**SUPPLIED DATA**
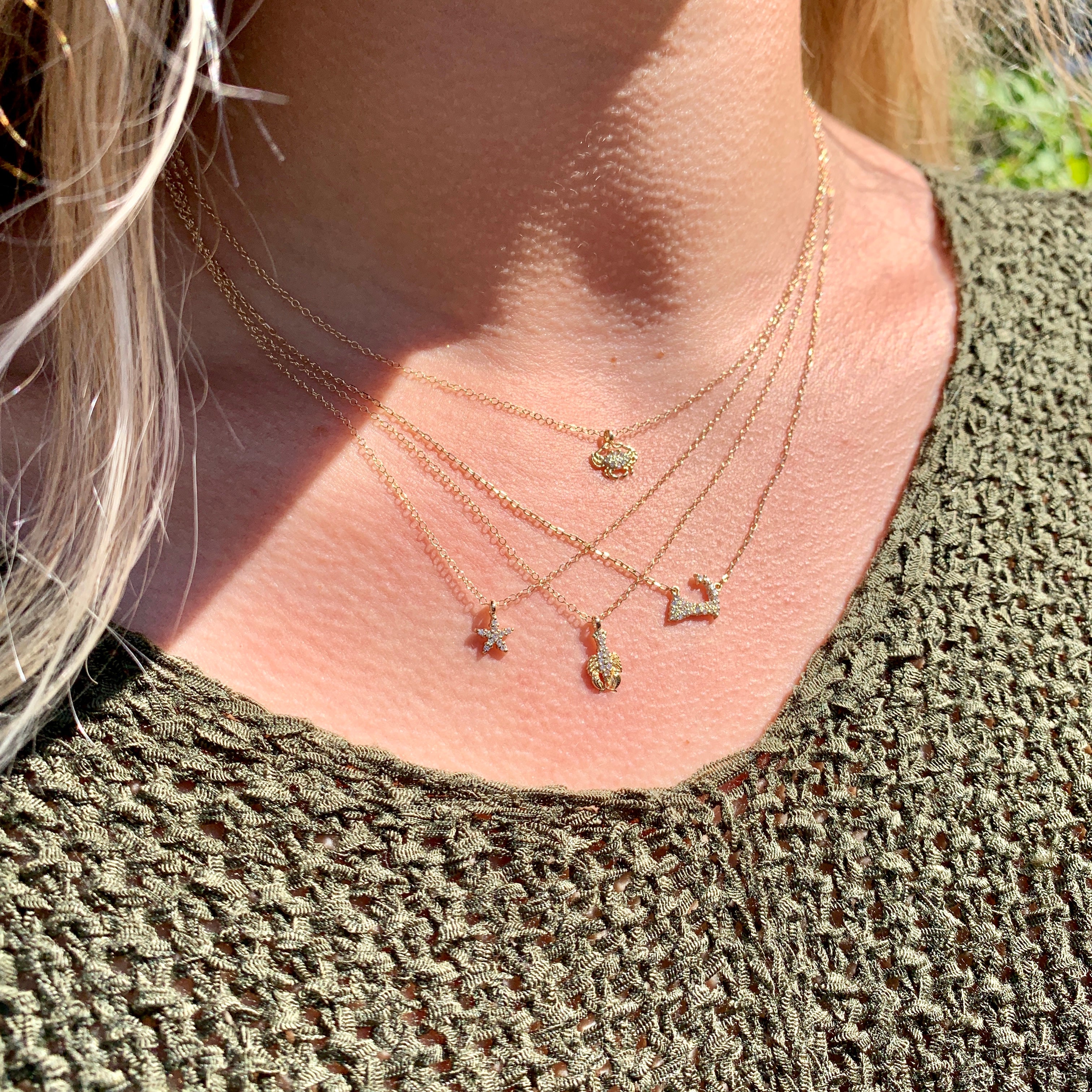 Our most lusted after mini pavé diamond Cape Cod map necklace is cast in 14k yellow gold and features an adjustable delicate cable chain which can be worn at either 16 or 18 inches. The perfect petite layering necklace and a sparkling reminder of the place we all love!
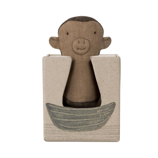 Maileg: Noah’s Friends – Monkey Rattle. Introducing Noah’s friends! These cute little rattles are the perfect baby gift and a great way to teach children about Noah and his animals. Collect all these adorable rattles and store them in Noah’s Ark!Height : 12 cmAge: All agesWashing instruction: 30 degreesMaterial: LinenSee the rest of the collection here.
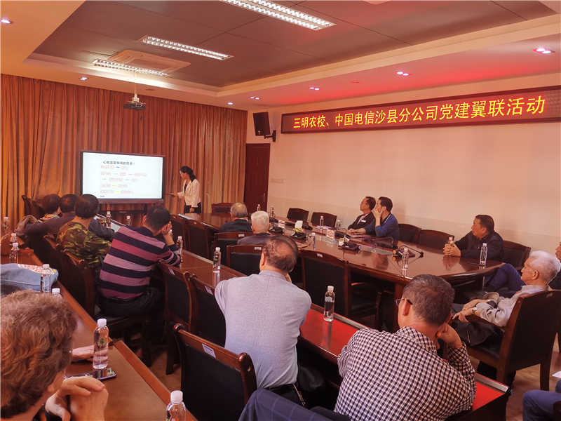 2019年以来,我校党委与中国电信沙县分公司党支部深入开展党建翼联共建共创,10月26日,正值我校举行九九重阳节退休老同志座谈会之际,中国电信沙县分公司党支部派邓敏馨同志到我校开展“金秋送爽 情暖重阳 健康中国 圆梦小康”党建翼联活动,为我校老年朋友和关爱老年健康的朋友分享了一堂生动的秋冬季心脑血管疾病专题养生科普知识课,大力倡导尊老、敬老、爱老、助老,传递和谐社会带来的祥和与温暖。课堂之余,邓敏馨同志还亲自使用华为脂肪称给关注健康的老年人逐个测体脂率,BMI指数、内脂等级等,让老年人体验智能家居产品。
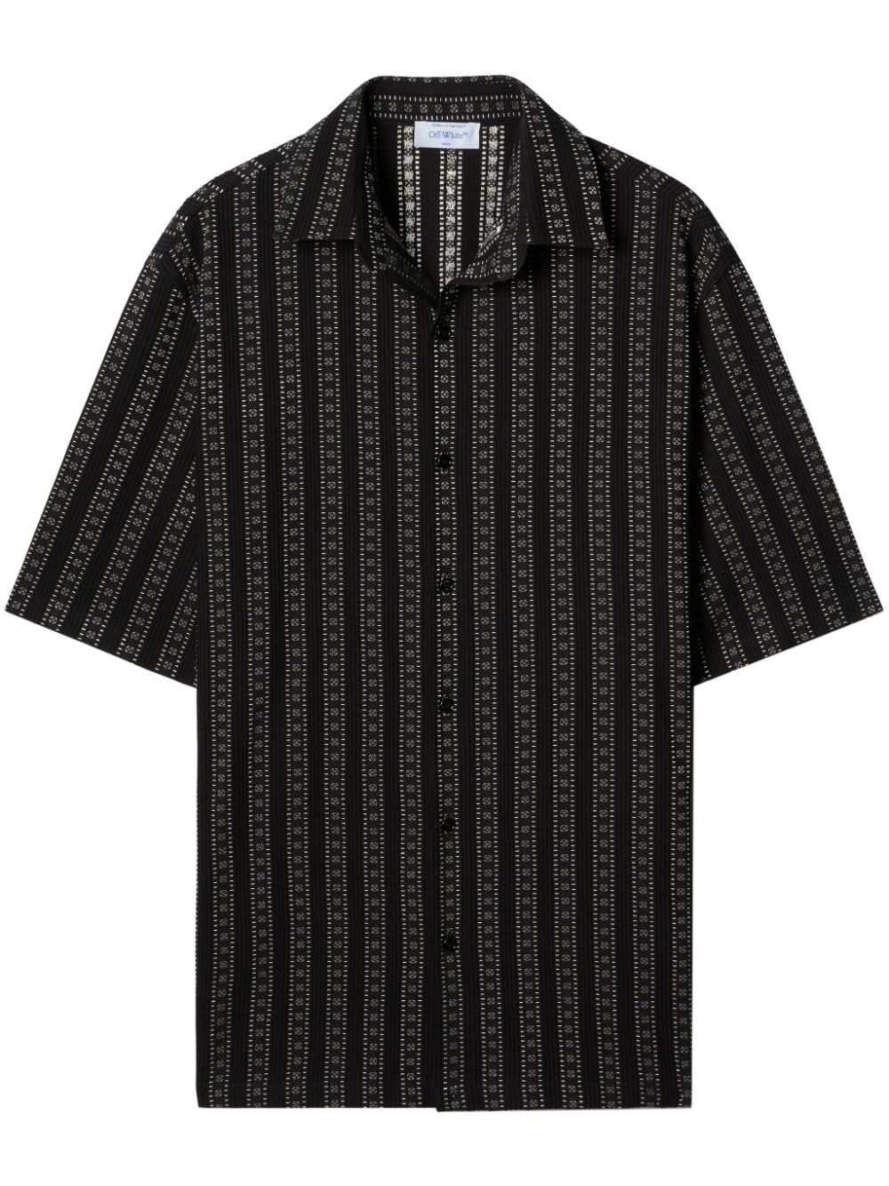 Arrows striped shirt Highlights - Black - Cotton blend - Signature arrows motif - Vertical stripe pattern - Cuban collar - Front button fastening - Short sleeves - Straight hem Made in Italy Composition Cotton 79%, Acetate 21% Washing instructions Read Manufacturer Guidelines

* * *

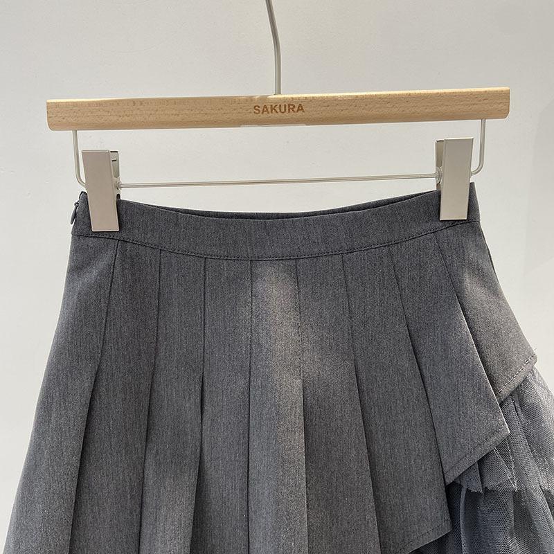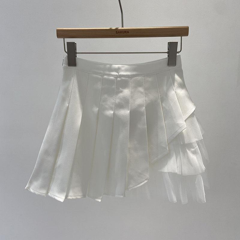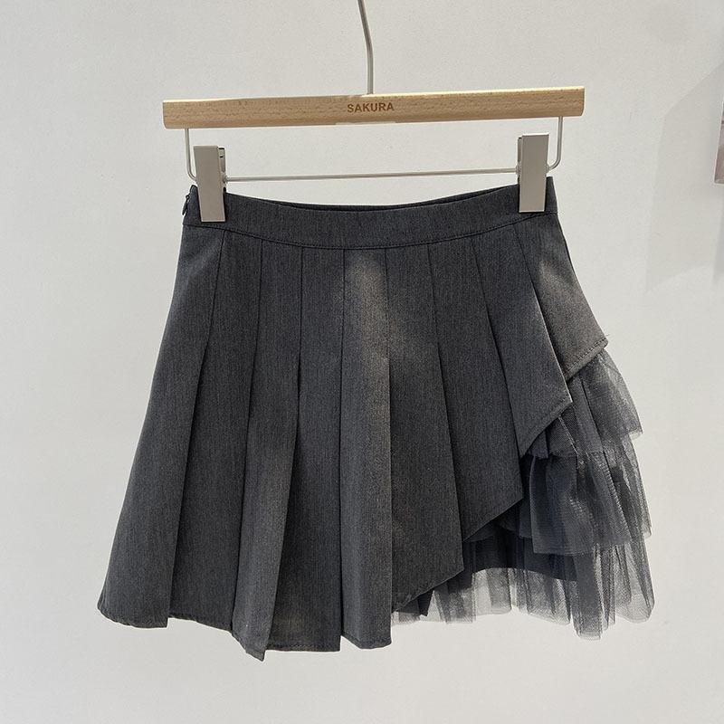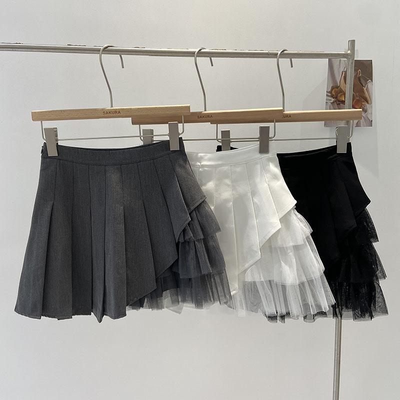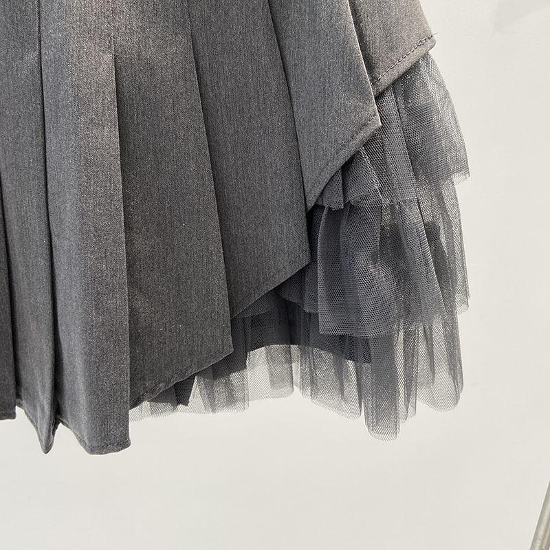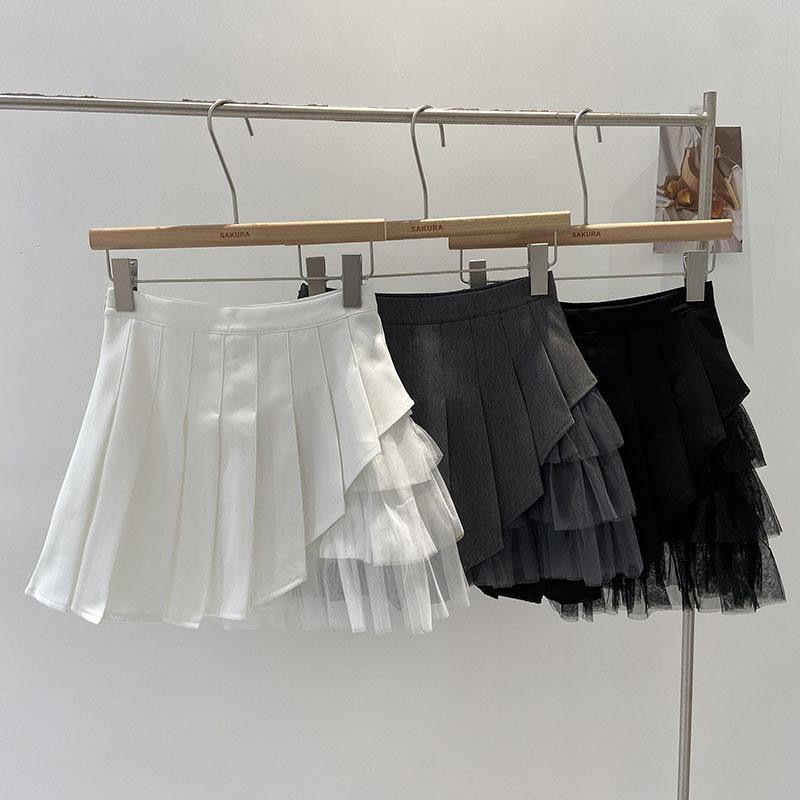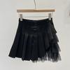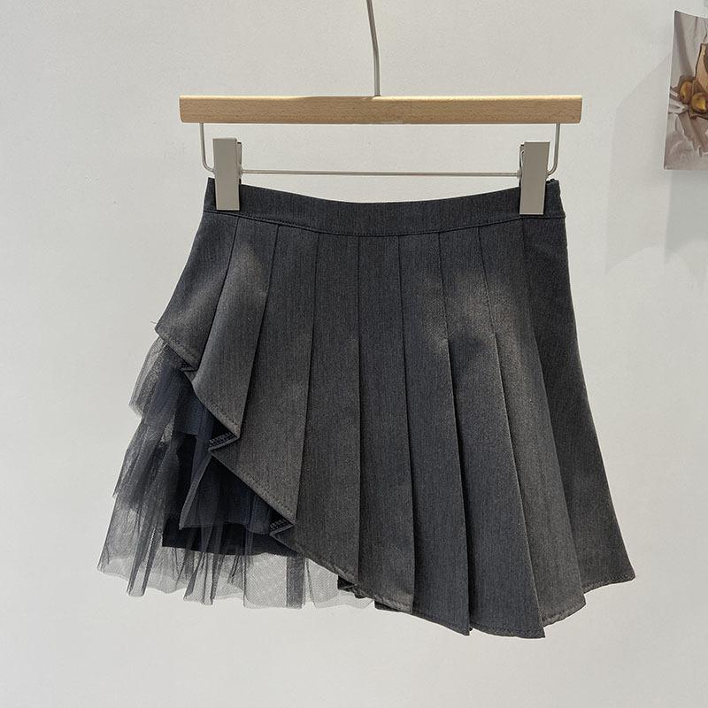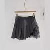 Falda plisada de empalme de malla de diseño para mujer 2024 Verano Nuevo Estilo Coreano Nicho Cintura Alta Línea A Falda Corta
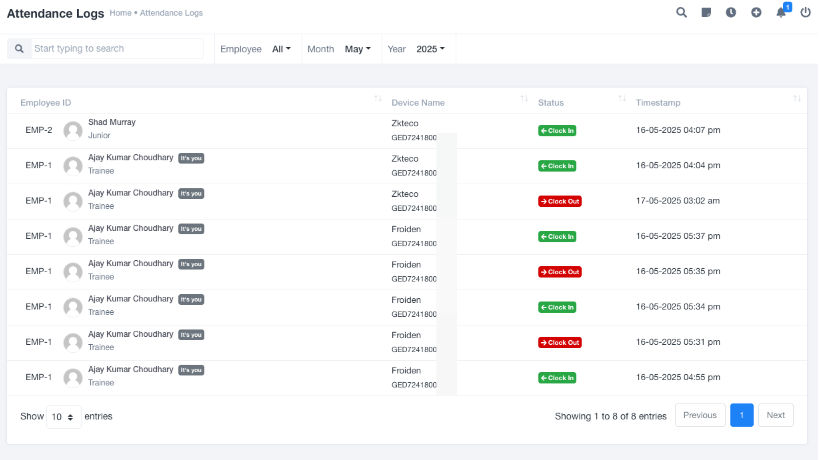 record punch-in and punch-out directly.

==

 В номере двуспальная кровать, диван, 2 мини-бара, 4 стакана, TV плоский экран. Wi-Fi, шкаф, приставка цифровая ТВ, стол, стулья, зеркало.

**EXERCISE BRIEF**
When you reach the line that has "Our most lusted" in the data above, start repeating lines exactly, and stop after the line that has "Arrows striped shirt"; pictures stay out.

**EXERCISE RESPONSE**
 Our most lusted after mini pavé diamond Cape Cod map necklace is cast in 14k yellow gold and features an adjustable delicate cable chain which can be worn at either 16 or 18 inches. The perfect petite layering necklace and a sparkling reminder of the place we all love!
 Maileg: Noah’s Friends – Monkey Rattle. Introducing Noah’s friends! These cute little rattles are the perfect baby gift and a great way to teach children about Noah and his animals. Collect all these adorable rattles and store them in Noah’s Ark!Height : 12 cmAge: All agesWashing instruction: 30 degreesMaterial: LinenSee the rest of the collection here.
 2019年以来,我校党委与中国电信沙县分公司党支部深入开展党建翼联共建共创,10月26日,正值我校举行九九重阳节退休老同志座谈会之际,中国电信沙县分公司党支部派邓敏馨同志到我校开展“金秋送爽 情暖重阳 健康中国 圆梦小康”党建翼联活动,为我校老年朋友和关爱老年健康的朋友分享了一堂生动的秋冬季心脑血管疾病专题养生科普知识课,大力倡导尊老、敬老、爱老、助老,传递和谐社会带来的祥和与温暖。课堂之余,邓敏馨同志还亲自使用华为脂肪称给关注健康的老年人逐个测体脂率,BMI指数、内脂等级等,让老年人体验智能家居产品。
 Arrows striped shirt Highlights - Black - Cotton blend - Signature arrows motif - Vertical stripe pattern - Cuban collar - Front button fastening - Short sleeves - Straight hem Made in Italy Composition Cotton 79%, Acetate 21% Washing instructions Read Manufacturer Guidelines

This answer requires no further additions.